STORED DATA
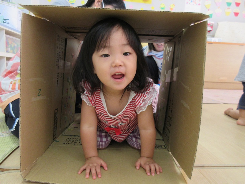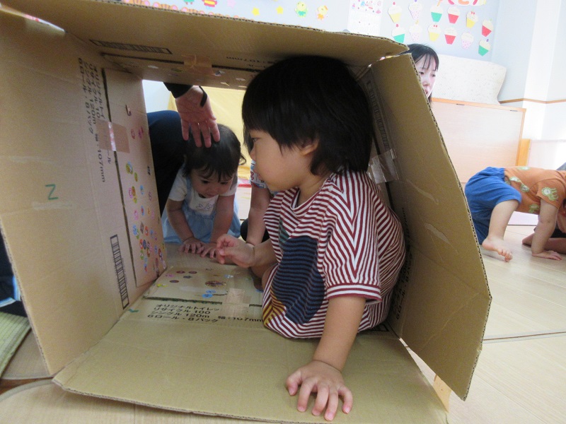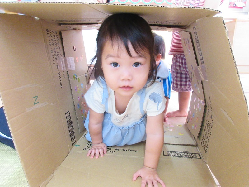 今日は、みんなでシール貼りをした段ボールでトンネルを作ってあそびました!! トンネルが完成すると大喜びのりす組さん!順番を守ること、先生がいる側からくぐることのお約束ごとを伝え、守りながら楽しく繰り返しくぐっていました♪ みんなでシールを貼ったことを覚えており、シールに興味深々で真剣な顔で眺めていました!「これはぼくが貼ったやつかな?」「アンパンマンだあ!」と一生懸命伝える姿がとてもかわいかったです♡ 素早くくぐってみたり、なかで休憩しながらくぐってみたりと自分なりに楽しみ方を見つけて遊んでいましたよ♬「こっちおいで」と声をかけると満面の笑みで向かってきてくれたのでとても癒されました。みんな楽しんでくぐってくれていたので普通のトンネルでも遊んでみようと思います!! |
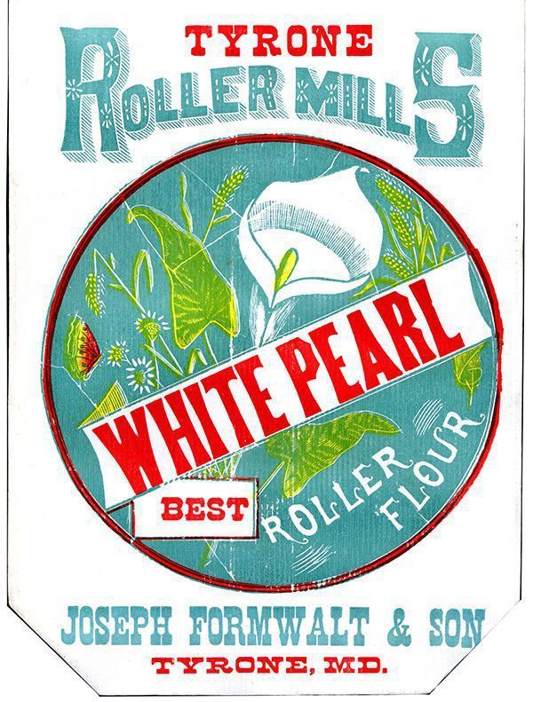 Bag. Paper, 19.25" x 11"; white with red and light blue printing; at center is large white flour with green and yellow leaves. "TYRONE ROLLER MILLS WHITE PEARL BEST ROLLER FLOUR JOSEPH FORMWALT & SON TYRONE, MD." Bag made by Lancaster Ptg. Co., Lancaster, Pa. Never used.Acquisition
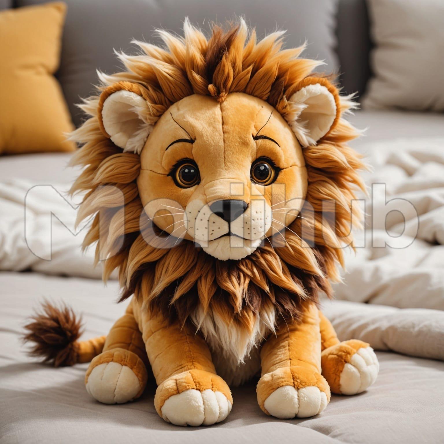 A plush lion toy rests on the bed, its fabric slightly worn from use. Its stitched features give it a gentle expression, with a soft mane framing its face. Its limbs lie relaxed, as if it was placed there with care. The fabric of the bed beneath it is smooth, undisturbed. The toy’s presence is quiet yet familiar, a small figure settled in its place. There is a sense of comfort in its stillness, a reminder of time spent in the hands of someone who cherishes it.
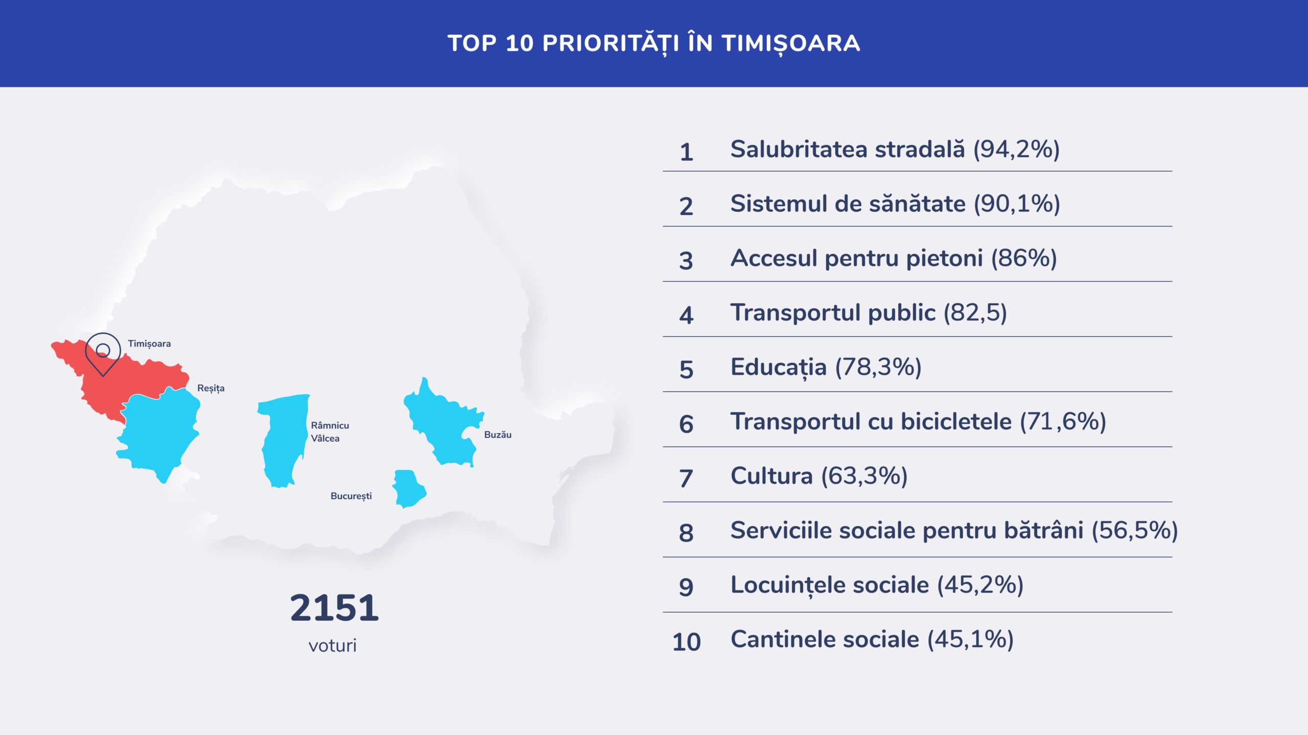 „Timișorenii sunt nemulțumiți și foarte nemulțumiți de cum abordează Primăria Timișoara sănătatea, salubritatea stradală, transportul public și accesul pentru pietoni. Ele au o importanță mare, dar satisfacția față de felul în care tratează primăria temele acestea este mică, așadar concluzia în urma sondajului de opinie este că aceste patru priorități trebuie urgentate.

ABOUT THIS TASK
Transcribe the whole of the data exactly, minus any pictures.

ANSWER SPACE
 今日は、みんなでシール貼りをした段ボールでトンネルを作ってあそびました!! トンネルが完成すると大喜びのりす組さん!順番を守ること、先生がいる側からくぐることのお約束ごとを伝え、守りながら楽しく繰り返しくぐっていました♪ みんなでシールを貼ったことを覚えており、シールに興味深々で真剣な顔で眺めていました!「これはぼくが貼ったやつかな?」「アンパンマンだあ!」と一生懸命伝える姿がとてもかわいかったです♡ 素早くくぐってみたり、なかで休憩しながらくぐってみたりと自分なりに楽しみ方を見つけて遊んでいましたよ♬「こっちおいで」と声をかけると満面の笑みで向かってきてくれたのでとても癒されました。みんな楽しんでくぐってくれていたので普通のトンネルでも遊んでみようと思います!! |
 Bag. Paper, 19.25" x 11"; white with red and light blue printing; at center is large white flour with green and yellow leaves. "TYRONE ROLLER MILLS WHITE PEARL BEST ROLLER FLOUR JOSEPH FORMWALT & SON TYRONE, MD." Bag made by Lancaster Ptg. Co., Lancaster, Pa. Never used.Acquisition
 A plush lion toy rests on the bed, its fabric slightly worn from use. Its stitched features give it a gentle expression, with a soft mane framing its face. Its limbs lie relaxed, as if it was placed there with care. The fabric of the bed beneath it is smooth, undisturbed. The toy’s presence is quiet yet familiar, a small figure settled in its place. There is a sense of comfort in its stillness, a reminder of time spent in the hands of someone who cherishes it.
 „Timișorenii sunt nemulțumiți și foarte nemulțumiți de cum abordează Primăria Timișoara sănătatea, salubritatea stradală, transportul public și accesul pentru pietoni. Ele au o importanță mare, dar satisfacția față de felul în care tratează primăria temele acestea este mică, așadar concluzia în urma sondajului de opinie este că aceste patru priorități trebuie urgentate.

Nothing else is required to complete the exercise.